A Sans-I/O SSE Parser for Python
If you have consumed a streaming response from an LLM in Python, you have parsed Server-Sent Events — probably without noticing, because a client library did it for you. The format is the one every major provider uses to stream tokens: a text/event-stream response body where each event is a few field: value lines followed by a blank line. It looks like the kind of thing you could parse with response.iter_lines() and a couple of if statements. The first time you try, it works. The tenth time, in production, it drops half a token because a multibyte emoji landed across two TCP reads.
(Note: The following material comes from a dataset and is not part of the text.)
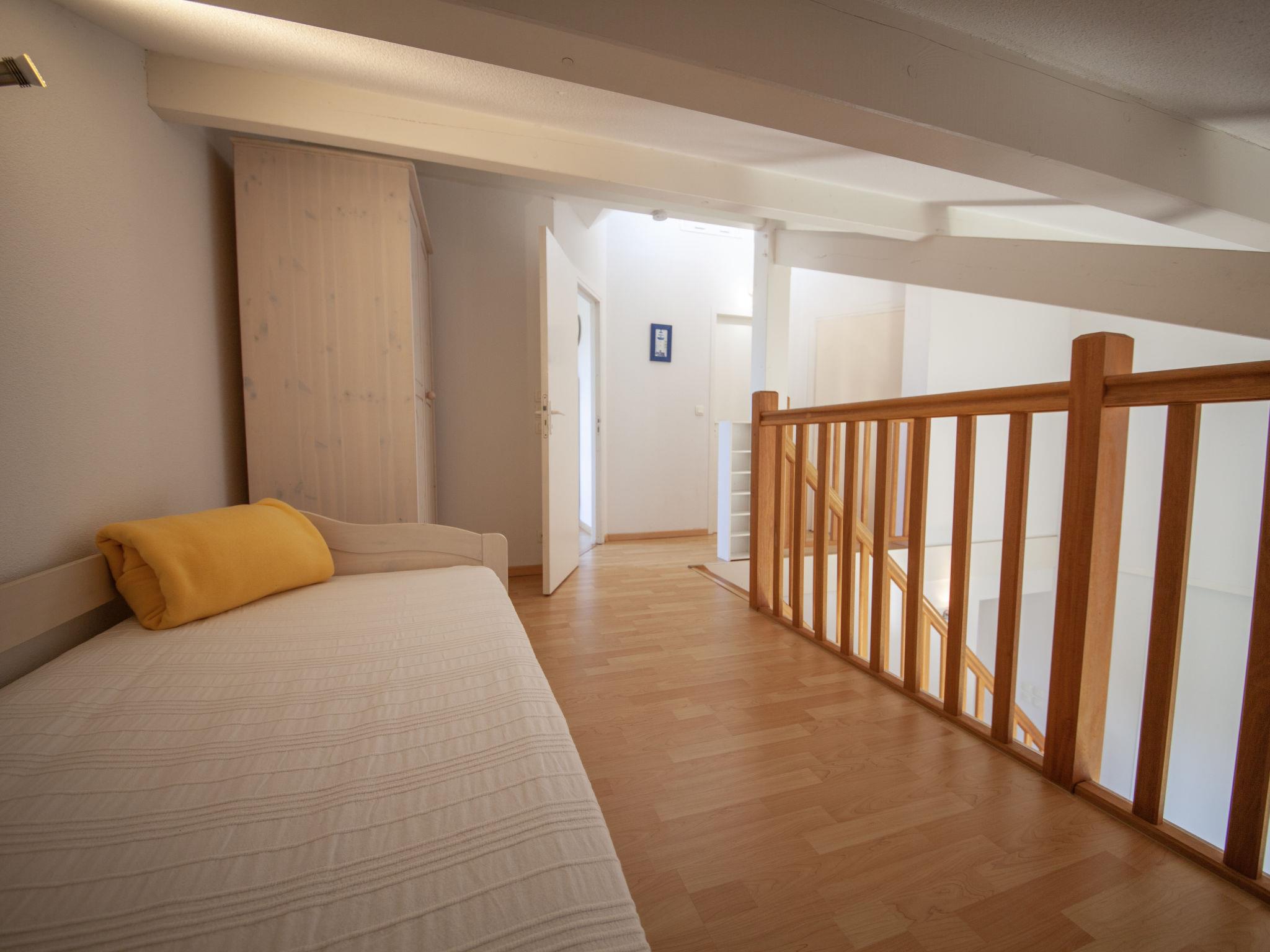 "Résidence Dune Blanche - Sable", 4-room semi-detached house 75 m2 on 2 levels. Object suitable for 6 adults. Practical and cosy furnishings: living/dining room with dining table and TV (flat screen). Exit to the terrace. 1 room with 1 french bed (140 cm, length 190 cm). Kitchenette (dishwasher, 4 ceramic glass hob hotplates, toaster, kettle, microwave, freezer, electric coffee machine). Bathroom, sep. WC. Upper floor: open gallery with 2 pull-out beds (1 pers. 2 x 90 cm, length 190 cm). 1 room with 1 french bed (140 cm, length 190 cm). 1 room with 2 beds (80 cm, length 190 cm). Shower/WC. Electric heating. Terrace. Terrace furniture. Facilities: washing machine, iron, children's high chair, baby cot (extra). Internet (WiFi, free). Parking (1 car). Please note: non-smokers only. Maximum 1 pet/ dog allowed. Smoke alarm. Instead of an enclosed bedroom, some sleeping areas are located in an open-plan area (gallery, alcove, etc.).

The format is small but genuinely fiddly, and that fiddliness is exactly the kind of thing that should be written once, gotten right, and never re-implemented. So we pulled the parser out into its own library: sansio-sse. Pure standard library, zero runtime dependencies, MIT-licensed. It does no networking at all. That last part is the whole design, and it deserves an explanation.
What “sans-I/O” means
A sans-I/O library implements a protocol as a pure state machine and performs none of its own input or output. You feed it bytes; it hands you parsed results. It never opens a socket, never reads a file, never knows or cares where the bytes came from. This is the design philosophy behind h11 (HTTP/1.1) and h2 (HTTP/2): keep the protocol logic in one place, decoupled from the transport, so it can be tested exhaustively and reused everywhere.
The Python SSE landscape today does the opposite. sseclient-py is built around a requests response. httpx-sse is built around httpx. Both bundle a correct-enough parser inside a transport adapter, which means the parsing logic — the part that’s actually hard — is welded to a client you may not be using. If you are on aiohttp, or reading from a raw socket, or replaying a captured stream from a file, you re-implement the parser. And re-implementing it is exactly where the bugs come from.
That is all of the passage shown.